» Task to carry out: Print the listing as it stands, omitting all images.

Provided data Block Start

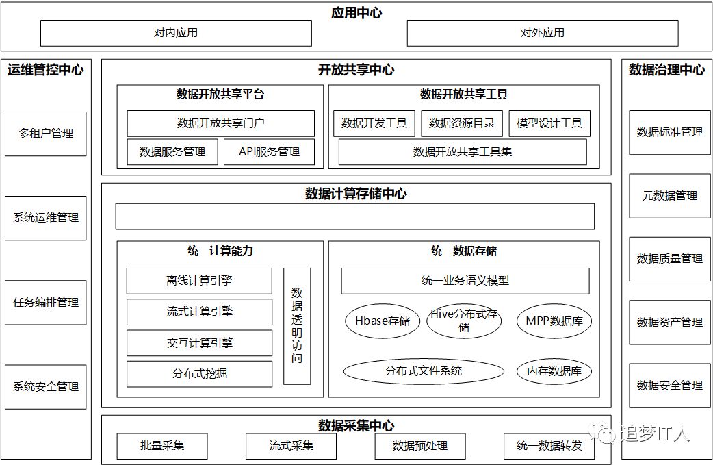 大数据平台则是指以处理海量数据存储、计算及流数据实时计算等场景为主的一套基础设施,包括了统一的数据采集中心、数据计算和存储中心、数据治理中心、运维管控中心、开放共享中心和应用中心。大数据平台之所以能够建设起来,不外乎内因和外因,外因是棱镜门事件带来的去IOE要求、外部硬件的变革和分布式开源技术的涌现,另外一篇《去IOE or not》已有阐述,不再赘述;内因是非结构化、实时数据和海量数据的计算和存储压力,企业也寄希望从大数据平台除了满足对内需求,也能够实现一定的对外收益。大数据平台的建设出发点是节约投资降低成本,但实际上无论从硬件投资还是从软件开发上都远远超过数据仓库的建设,大量的硬件和各种开源技术的组合,增加了研发的难度、调测部署的周期、运维的复杂度,人力上的投入已是最初的几倍;还有很多技术上的困难也非一朝一夕能够突破,但无论如何大数据平台还是建设起来了,人员能力也在不断成长。大数据平台解决了海量数据、实时数据的计算和存储,也基于原来的企业数据模型实现了重构,但也面临着一系列的问题,首先是数据的应用问题,无论是数据仓库还是大数据平台,里面包含了接口层数据、存储层数据、轻度汇总层、重度汇总层、模型层数据、报表层数据等等,各种各样的表有成千上万,这些表有的是中间处理过程,有些是一次性的报表,不同表之间的数据一致性和口径也会不同,而且不同的表不同的字段对数据安全要求级别也不同,此外还要考虑多租户的资源安全管理,如何让内部开发者快速获取所需的数据资产目录,如何阅读相关数据的来龙去脉,如何快速的实现开发,这些在大数据平台建设初期没有考虑周全;另外一个问题是对外应用,随着大数据平台的应用建设,每一个对外应用都采用单一的数据库加单一应用建设模式,独立考虑网络安全、数据安全、共享安全,逐渐又走向了烟囱似的开发道路。
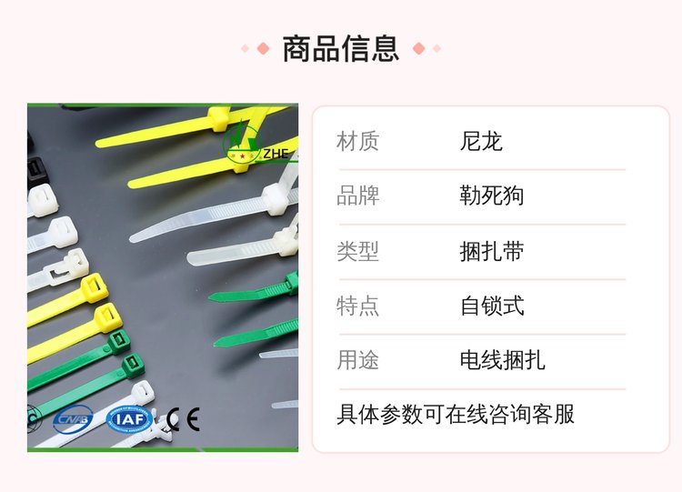 尼龙扎带自锁式强力固定电线电缆线束线带耐磨耐用
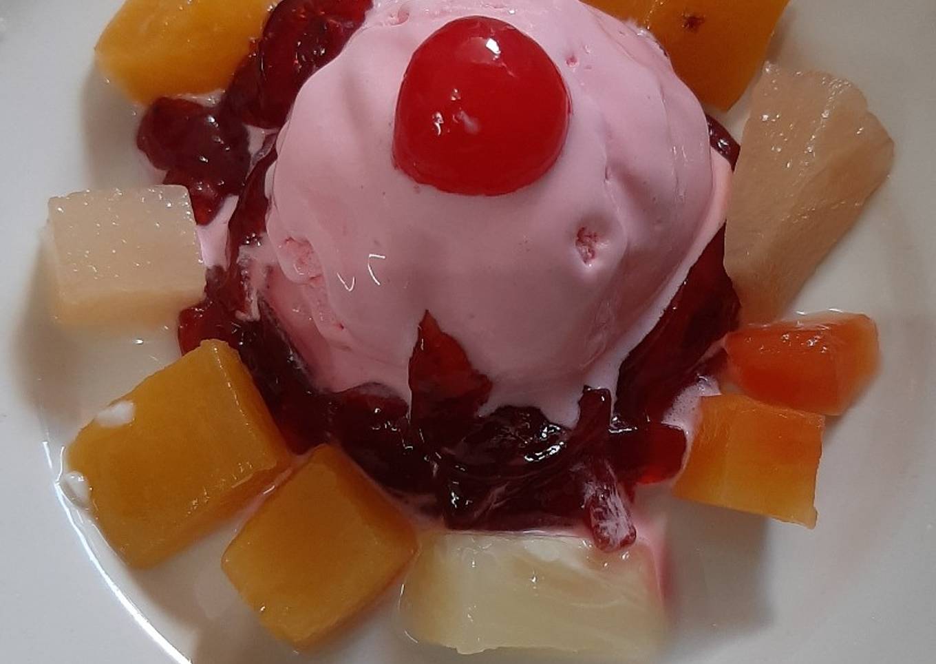 - Taruh ice cream dipiring, tambahkan selai strawberry dan buah kaleng. Sajikan deh.

Provided data Block End

» Response:
 大数据平台则是指以处理海量数据存储、计算及流数据实时计算等场景为主的一套基础设施,包括了统一的数据采集中心、数据计算和存储中心、数据治理中心、运维管控中心、开放共享中心和应用中心。大数据平台之所以能够建设起来,不外乎内因和外因,外因是棱镜门事件带来的去IOE要求、外部硬件的变革和分布式开源技术的涌现,另外一篇《去IOE or not》已有阐述,不再赘述;内因是非结构化、实时数据和海量数据的计算和存储压力,企业也寄希望从大数据平台除了满足对内需求,也能够实现一定的对外收益。大数据平台的建设出发点是节约投资降低成本,但实际上无论从硬件投资还是从软件开发上都远远超过数据仓库的建设,大量的硬件和各种开源技术的组合,增加了研发的难度、调测部署的周期、运维的复杂度,人力上的投入已是最初的几倍;还有很多技术上的困难也非一朝一夕能够突破,但无论如何大数据平台还是建设起来了,人员能力也在不断成长。大数据平台解决了海量数据、实时数据的计算和存储,也基于原来的企业数据模型实现了重构,但也面临着一系列的问题,首先是数据的应用问题,无论是数据仓库还是大数据平台,里面包含了接口层数据、存储层数据、轻度汇总层、重度汇总层、模型层数据、报表层数据等等,各种各样的表有成千上万,这些表有的是中间处理过程,有些是一次性的报表,不同表之间的数据一致性和口径也会不同,而且不同的表不同的字段对数据安全要求级别也不同,此外还要考虑多租户的资源安全管理,如何让内部开发者快速获取所需的数据资产目录,如何阅读相关数据的来龙去脉,如何快速的实现开发,这些在大数据平台建设初期没有考虑周全;另外一个问题是对外应用,随着大数据平台的应用建设,每一个对外应用都采用单一的数据库加单一应用建设模式,独立考虑网络安全、数据安全、共享安全,逐渐又走向了烟囱似的开发道路。
 尼龙扎带自锁式强力固定电线电缆线束线带耐磨耐用
 - Taruh ice cream dipiring, tambahkan selai strawberry dan buah kaleng. Sajikan deh.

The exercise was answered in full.